EDITORIAL: Caretaker Federal Minister for Privatisation Fawad Hassan Fawad has been tasked to expedite the privatisation process of state-owned entities (SOEs) with two over-arching objectives. First, to plug the annual drain from the treasury of around 800 billion rupees into SOEs – an objective that requires the unit to be incurring losses and/or a cash injection from the Centre.
Pakistan International Airlines and Pakistan Railways are two long-term white elephants due to appallingly poor management spanning across administrations that need urgent attention as they have cost the taxpayers trillions of rupees to-date.
Pakistan Steel Mills has not been in operation since 2015 while the taxpayers have been paying salaries of those still employed by the Mills – a fact that is inexplicable, given that the Centre was administered by two major national political parties fully supportive of the policy of privatisation; notably, Pakistan Muslim League-Nawaz and Pakistan Tehreek-e-Insaf (plus two caretaker set ups – both times with the incumbent finance minister appointed).
The impediment has been well organised trade unions operating in these entities who have time and again formed a nexus with the then political party in opposition, to disrupt any government plan to privatise. It is therefore vital to initiate the process by first negotiating a settlement with employees and only then to engage in the bidding process for an adviser and/or for sale of the entity.
Secondly, the objective of privatisation is to generate revenue to create fiscal space for the government by either retiring existing debt and/or be able to meet its budgeted expenditure targets that would reduce the pressure on the Federal Board of Revenue (FBR) to propose a mini-budget with the aim of raising its target for the year that, it is legitimately feared, would negatively impact on the poor more than rich as there is overwhelming reliance by the Board on indirect taxes whose incidence on the poor is greater than on the rich.
This objective presupposes (i) a business climate in the country that is conducive to investment (foreign and local) and sadly the writing on the wall at present does not indicate such an environment with government data acknowledging 0.3 percent growth rate for last fiscal year with a poorly performing private sector due to a high discount rate (at present 22 percent) and a massive rise in government borrowing that crowded out private sector credit (accounting for a 178.6 percent decline in credit to the private sector last fiscal year and achieving large-scale manufacturing growth of negative 10.3 percent for the year past – a decline that continued into July 2023 for which data is available); and (ii) the continuing economic impasse necessitates that the sale be at a price that is not perceived by the general public as selling the family silver at throwaway prices by a government that is not representative of the people of this country.
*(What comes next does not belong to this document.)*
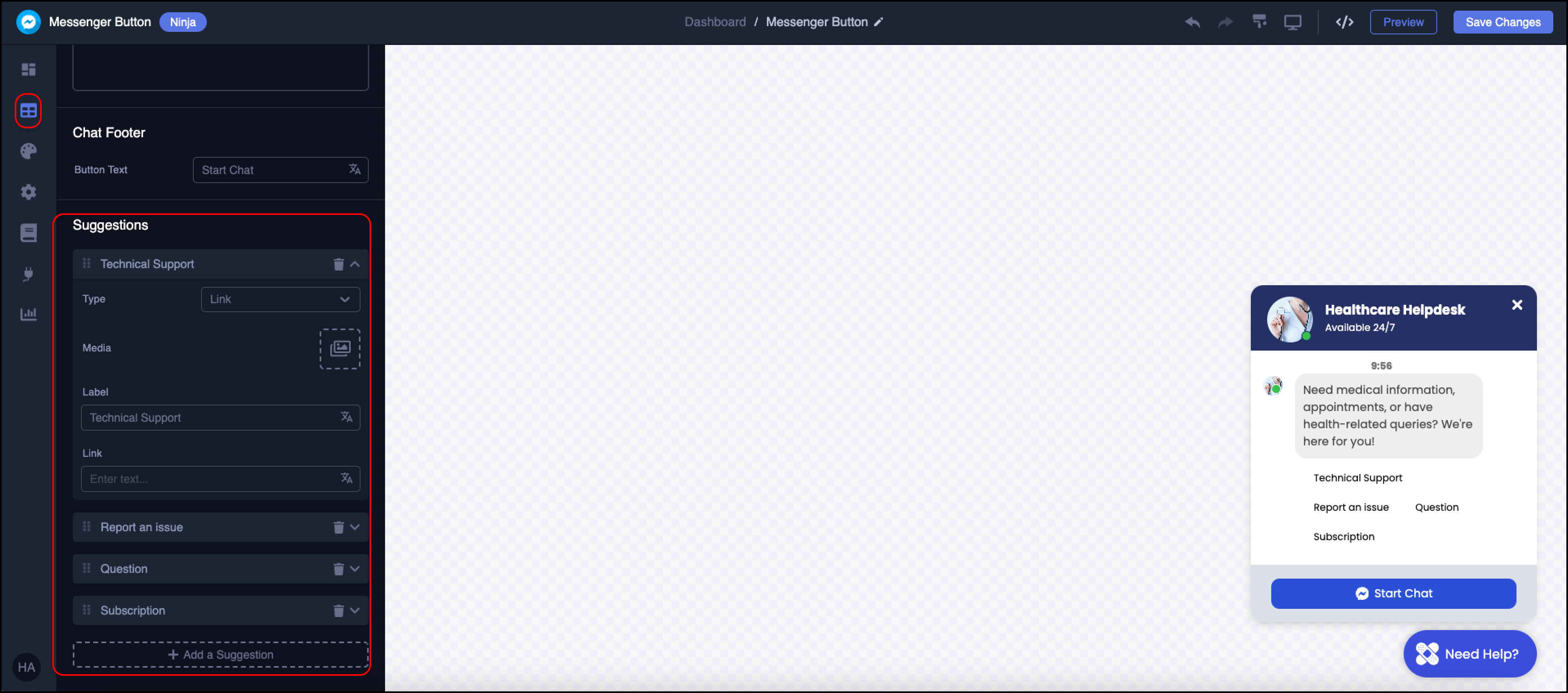 - In the editor of your Messenger Chat widget, navigate to "Content" on the left menu bar and scroll down to "Suggestions."
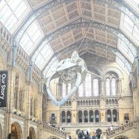 ホールの頭上にある大きなシロナガスクジラの骨格標本に

Analysts may argue that the selection of the caretaker privatisation minister is appropriate as the general perception is that his long association with the PML-N (Pakistan Muslim League-Nawaz) coupled with the PML-N considered to be the most likely to form the next government at the Centre would imply no challenge to a decision during the caretaker setup yet it must be borne in mind that legal challenges in the past have usually come from the judiciary or the opposition.
Thirdly and, more importantly, to plug the dollar 4.5 billion shortfall in external financing plan stated in the budget and agreed with the Fund.
The budget estimates of over dollar 20 billion external financing, it has now become clear that because of the low credit rating of the country and the high interest rate global environment commercial loans from non-Chinese sources may not materialise.
The possibility to raise external borrowing through issuance of bonds is also not possible for the same reasons. Under the circumstances, plugging this gap through foreign direct investment (FDI) by sale of SOEs through the privatization process is now the aim. To complicate matters further, interest payments stated in the budget have been understated by a trillion rupees.
Be that as it may, there is a need for the caretaker government to not only price all entities destined for sale appropriately, not only the sum of its assets but also the sum of its future stream of income, if any, but also to ensure that there are no politically exposed persons or their families or dummy companies in the bidding process.
Privatisation as a source of revenue and/or to end the hemorrhaging on the treasury are salutary objectives under the dire circumstances; however, we would hope that the process would start with a settlement with existing labour unions prior to engaging with the bidders in earnest.